[Data items]

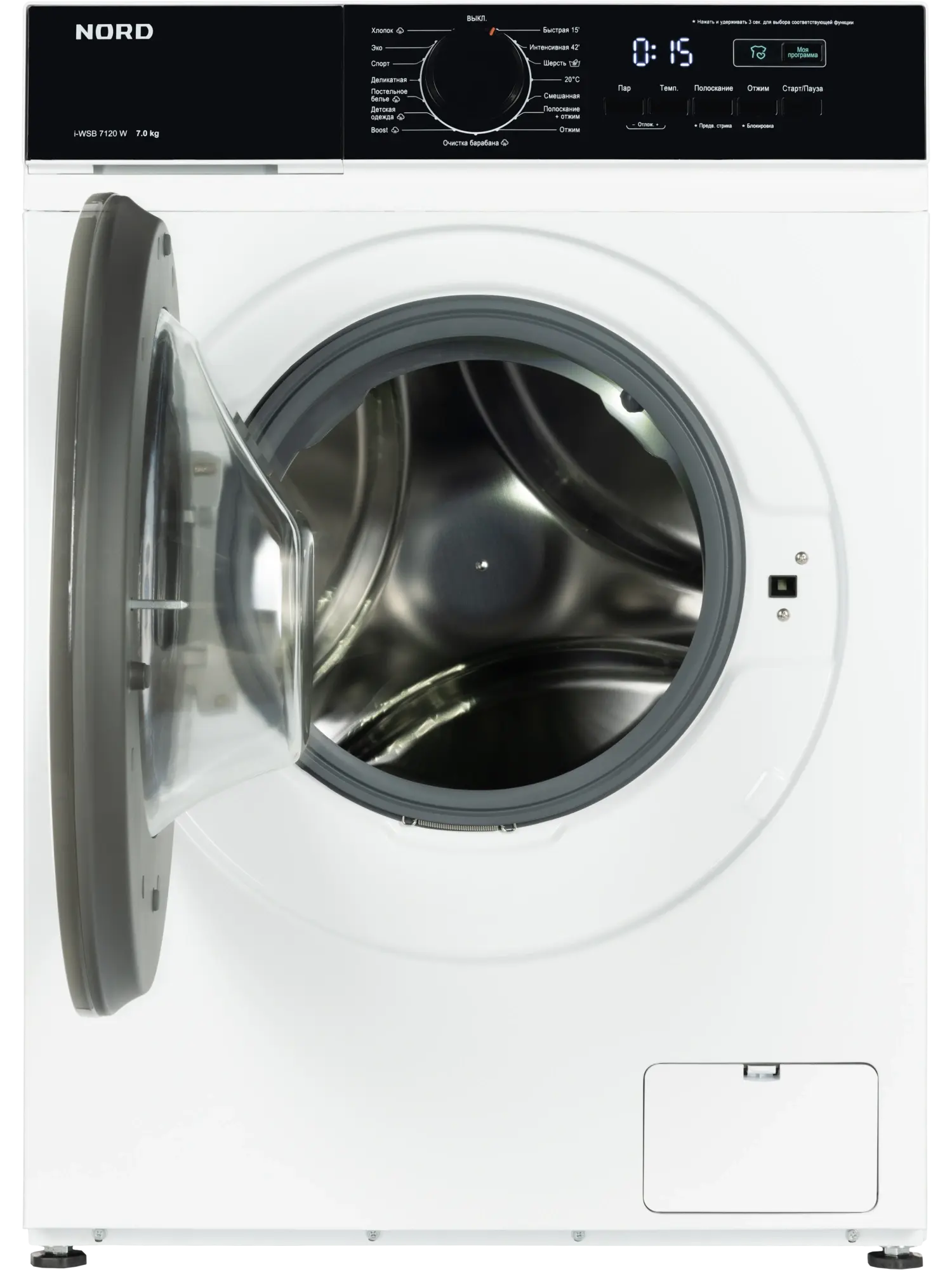 Стиральная машина Nord i-WSB 7120 W — современная узкая модель глубиной всего 44 см с загрузкой до 7 кг, идеально подходящая для небольших помещений. Она сочетает компактность, энергоэффективность и широкий функционал для бережной и качественной стирки. Интеллектуальная система Smart автоматически определяет вес белья и подбирает оптимальные параметры — температуру, количество воды и время цикла. Машина контролирует баланс барабана и уровень пены, обеспечивая стабильную и тихую работу. Волновой подъёмник барабана обеспечивает мягкое перемещение ткани и деликатную стирку без износа. Обработка паром глубоко очищает волокна, устраняет запахи, бактерии и аллергены, разглаживает складки и делает одежду более свежей — идеально для детских вещей и постельного белья. Инверторный двигатель (BLDC) гарантирует надёжность, долговечность и низкий уровень шума, а класс энергоэффективности A+++ подтверждает экономичность работы. Программы и функции 15 программ: Хлопок, ЭКО, Спорт, Деликатная, Постельное бельё, Детская, BOOST, Быстрая 15’, Интенсивная 42’, Шерсть, 20°C, Смешанная, Полоскание + отжим, Отжим, Очистка барабана; Регулировка температуры (от холодной до 90°C) и отжима (до 1200 об/мин); Предварительная стирка, дополнительное полоскание, отложенный старт (3–24 ч); Блокировка от детей; Функция «Моя программа» — сохранение индивидуальных настроек для быстрого запуска. Дополнительные удобства Люк диаметром 300 мм, угол открытия 150°; Подключение к горячей и холодной воде; LED-дисплей с отображением этапов стирки и оставшегося времени. Характеристики Загрузка: 7 кг Глубина: 44 см Отжим: до 1200 об/мин Энергоэффективность: A+++ Стирка с паром, Smart-управление Цвет: белый Гарантия — 2 года Nord i-WSB 7120 W — тихая, компактная и функциональная стиральная машина с интеллектуальными технологиями и паровой стиркой для безупречной чистоты и свежести каждый день.
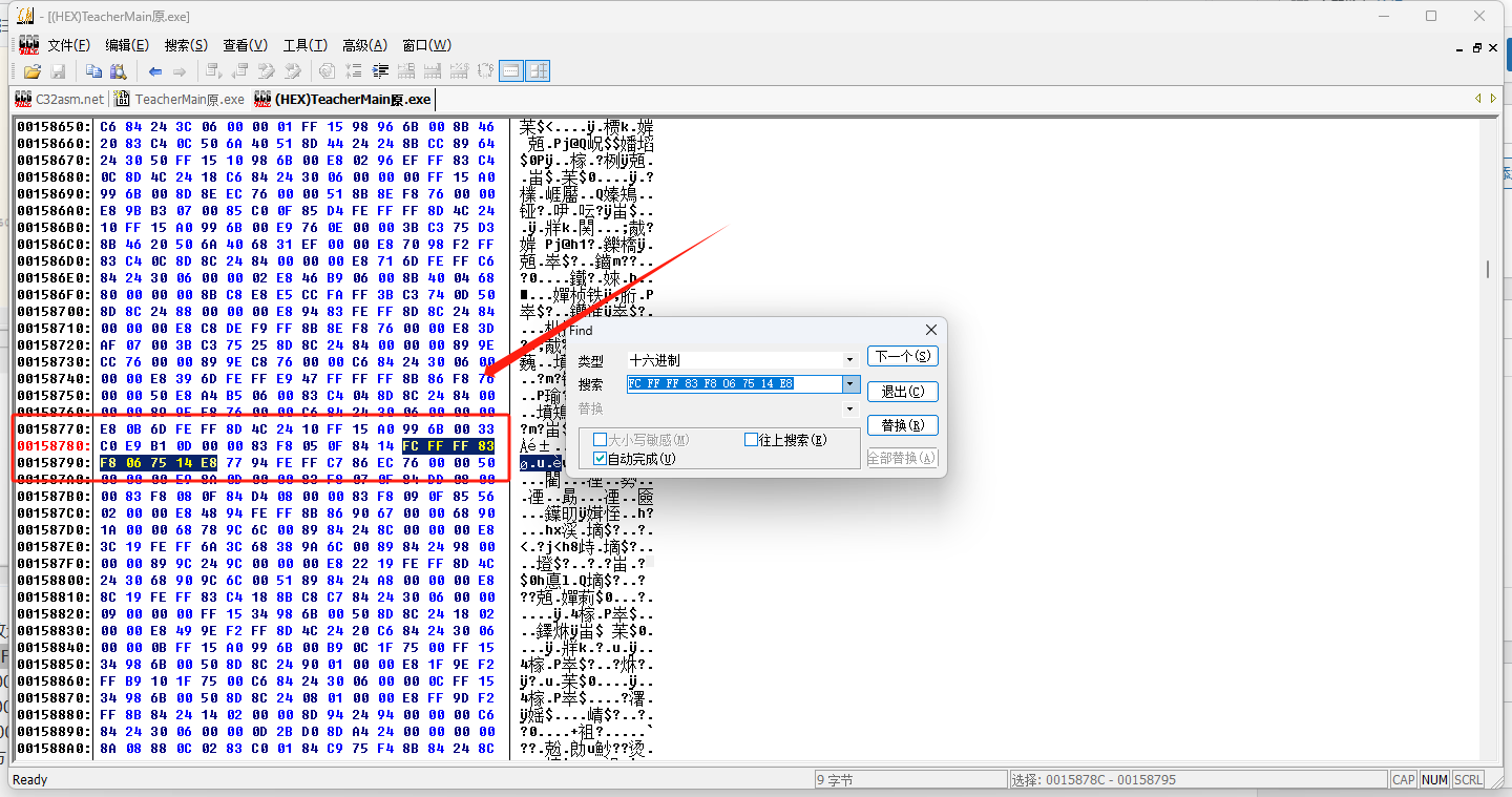 Ctrl+F,类型:十六进制,点“搜索”
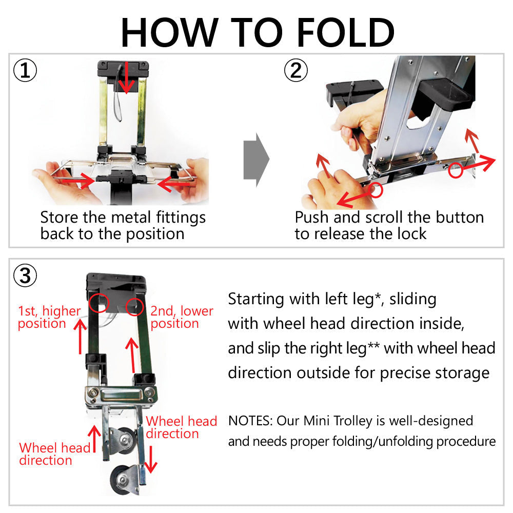 - Business Travel Trolley with 2 wheels is lightweight with just 2Lbs and foldable in compact size, fitting in the backpack and bags, and perfect for office, business, school, shopping *NOTES: When you fold our portable hand truck, please refrain from forcing to store parts, which may influence product durability so just follow the procedure HOW TO FOLD
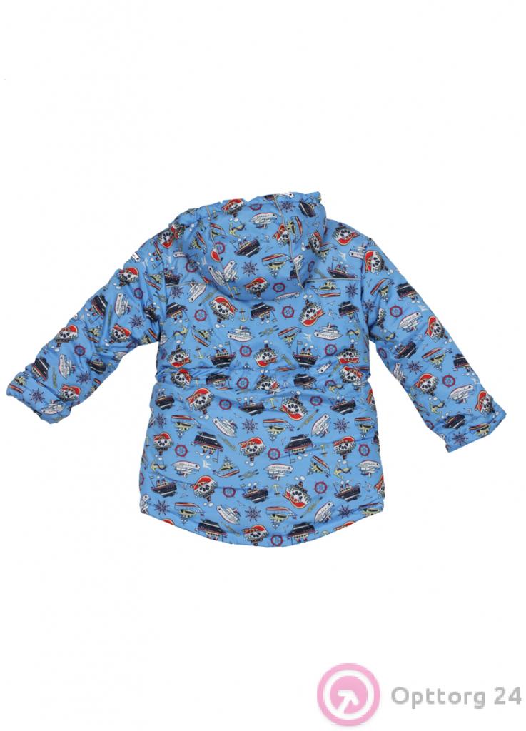 Красивая голубая детская куртка. По всему изделию изображены принты морской тематики. Куртка очень теплая и удобная, имеет капюшон с резинками, удлиненный крой сзади и застежку-молнию с защитной планкой
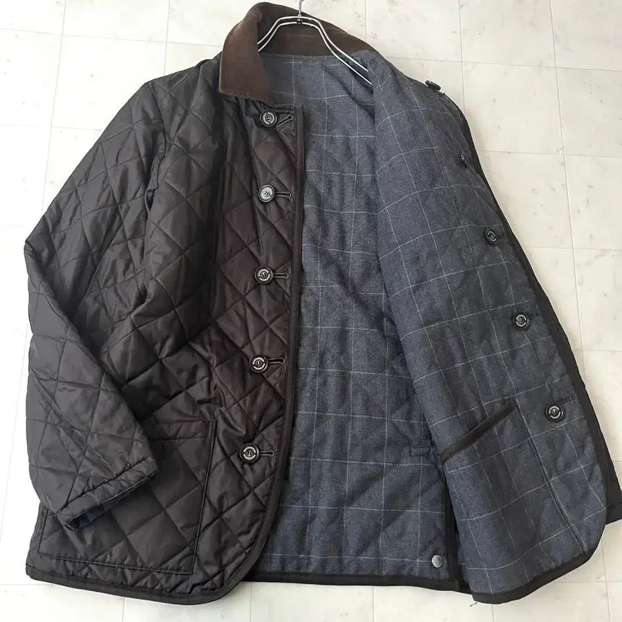 리버서블 퀼팅 자켓 체크
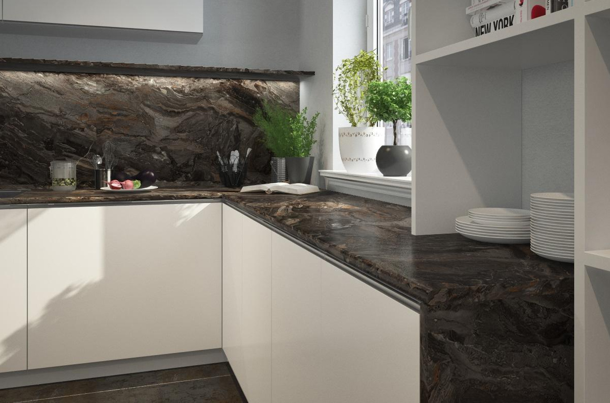 Столешница Кедр 7032/Q Мрамор Бергамо Тёмный, R9, 1U, 3050х600х40

§ ACTION ITEM:
What is needed here is each line above set down word for word, minus the images.

§ TASK OUTPUT:
 Стиральная машина Nord i-WSB 7120 W — современная узкая модель глубиной всего 44 см с загрузкой до 7 кг, идеально подходящая для небольших помещений. Она сочетает компактность, энергоэффективность и широкий функционал для бережной и качественной стирки. Интеллектуальная система Smart автоматически определяет вес белья и подбирает оптимальные параметры — температуру, количество воды и время цикла. Машина контролирует баланс барабана и уровень пены, обеспечивая стабильную и тихую работу. Волновой подъёмник барабана обеспечивает мягкое перемещение ткани и деликатную стирку без износа. Обработка паром глубоко очищает волокна, устраняет запахи, бактерии и аллергены, разглаживает складки и делает одежду более свежей — идеально для детских вещей и постельного белья. Инверторный двигатель (BLDC) гарантирует надёжность, долговечность и низкий уровень шума, а класс энергоэффективности A+++ подтверждает экономичность работы. Программы и функции 15 программ: Хлопок, ЭКО, Спорт, Деликатная, Постельное бельё, Детская, BOOST, Быстрая 15’, Интенсивная 42’, Шерсть, 20°C, Смешанная, Полоскание + отжим, Отжим, Очистка барабана; Регулировка температуры (от холодной до 90°C) и отжима (до 1200 об/мин); Предварительная стирка, дополнительное полоскание, отложенный старт (3–24 ч); Блокировка от детей; Функция «Моя программа» — сохранение индивидуальных настроек для быстрого запуска. Дополнительные удобства Люк диаметром 300 мм, угол открытия 150°; Подключение к горячей и холодной воде; LED-дисплей с отображением этапов стирки и оставшегося времени. Характеристики Загрузка: 7 кг Глубина: 44 см Отжим: до 1200 об/мин Энергоэффективность: A+++ Стирка с паром, Smart-управление Цвет: белый Гарантия — 2 года Nord i-WSB 7120 W — тихая, компактная и функциональная стиральная машина с интеллектуальными технологиями и паровой стиркой для безупречной чистоты и свежести каждый день.
 Ctrl+F,类型:十六进制,点“搜索”
 - Business Travel Trolley with 2 wheels is lightweight with just 2Lbs and foldable in compact size, fitting in the backpack and bags, and perfect for office, business, school, shopping *NOTES: When you fold our portable hand truck, please refrain from forcing to store parts, which may influence product durability so just follow the procedure HOW TO FOLD
 Красивая голубая детская куртка. По всему изделию изображены принты морской тематики. Куртка очень теплая и удобная, имеет капюшон с резинками, удлиненный крой сзади и застежку-молнию с защитной планкой
 리버서블 퀼팅 자켓 체크
 Столешница Кедр 7032/Q Мрамор Бергамо Тёмный, R9, 1U, 3050х600х40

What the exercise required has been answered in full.